There’s always a concept in photography but more often than not, the work is driven by aesthetics. His documentation of his works have their own aesthetic conventions, but they’re almost beside the point.
I look to other mediums and in particular, gravitate toward performance. I trained as a dancer from childhood, and wanted to pursue it but never did.

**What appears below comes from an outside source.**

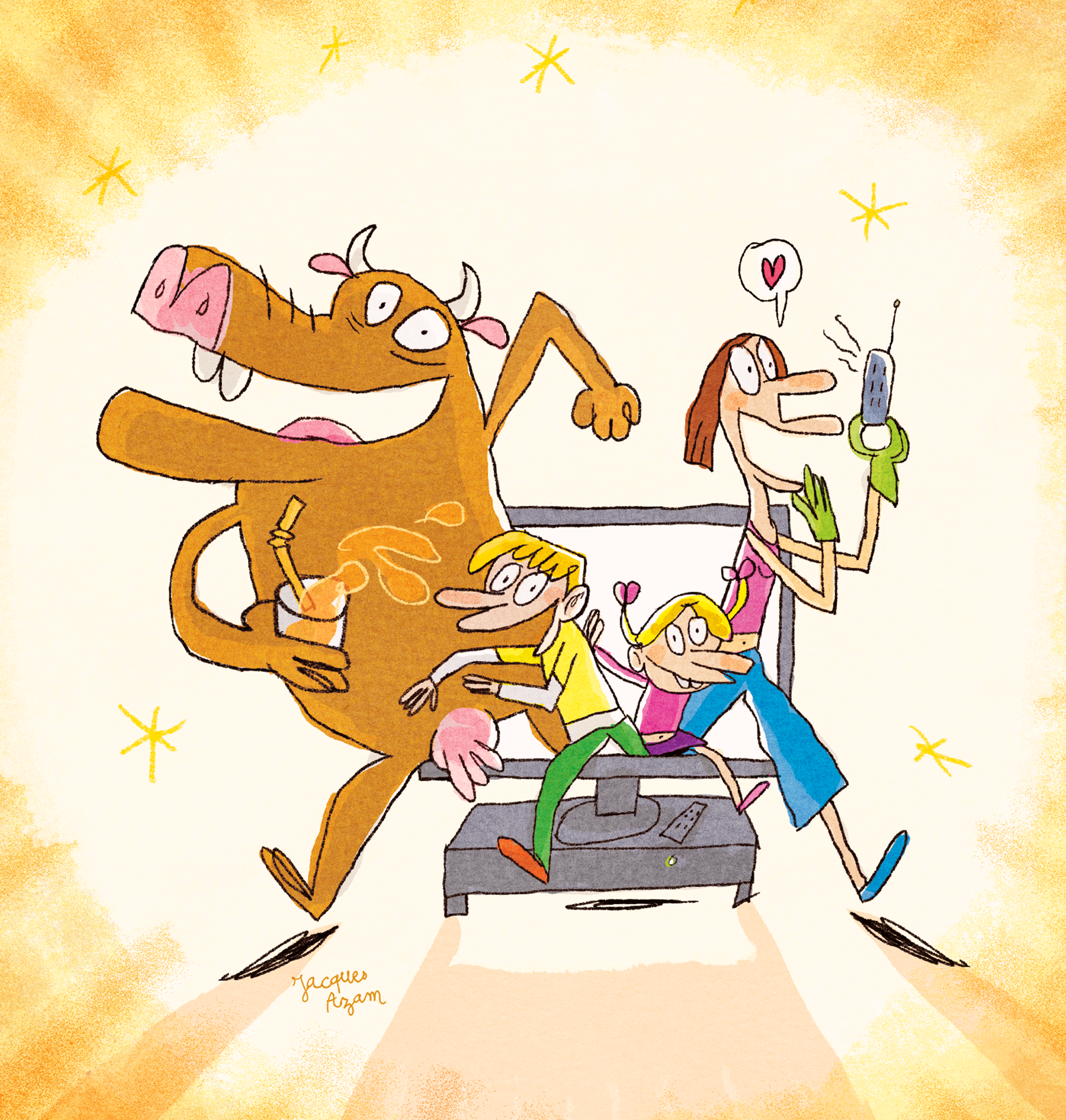 Jouez le mélange des saveurs: une maman inventrice au foyer qui ne rêve que du Nobel, un papa téléphone pleinement absent mais toujours à l’écoute, un Chico préado-peinardo-ramollo, une Lulu tyrannique gamine survitaminée et… La Vache !

The beauty of ballet lies in its precision and an adherence to a rubric that rarely changes. I think that’s diametrically opposed to the conceptual performance artists like Hsieh, Marina Abramovich, or Rirkrit Tiravanija –
SB – submitting Vito Acconci to that list. First Abstract Expressionists tested the physical limits of paint, canvas, and gesture, then this school of artists say: ok, bodies, space and time are the materials now. How far can our bodies go, what can they do, what can be done to them and what becomes of the spaces they move through?
EL Yeah. Part of why I respect Hsieh so much is for his exploration of those concepts of time, duration, physical and mental limits in extremis. And that’s why even in my own work, I don’t want to see just the image I made. I want to see layers. I want to see tactility – Is there writing on it? Is there a graphic component? I don’t want to see something at face value. It’s something I’m still really trying to push forward in my own work.
That said, my other advice is: don’t take yourself too seriously.
SB Have you always subscribed to that belief, or is this a post-Covid revelation?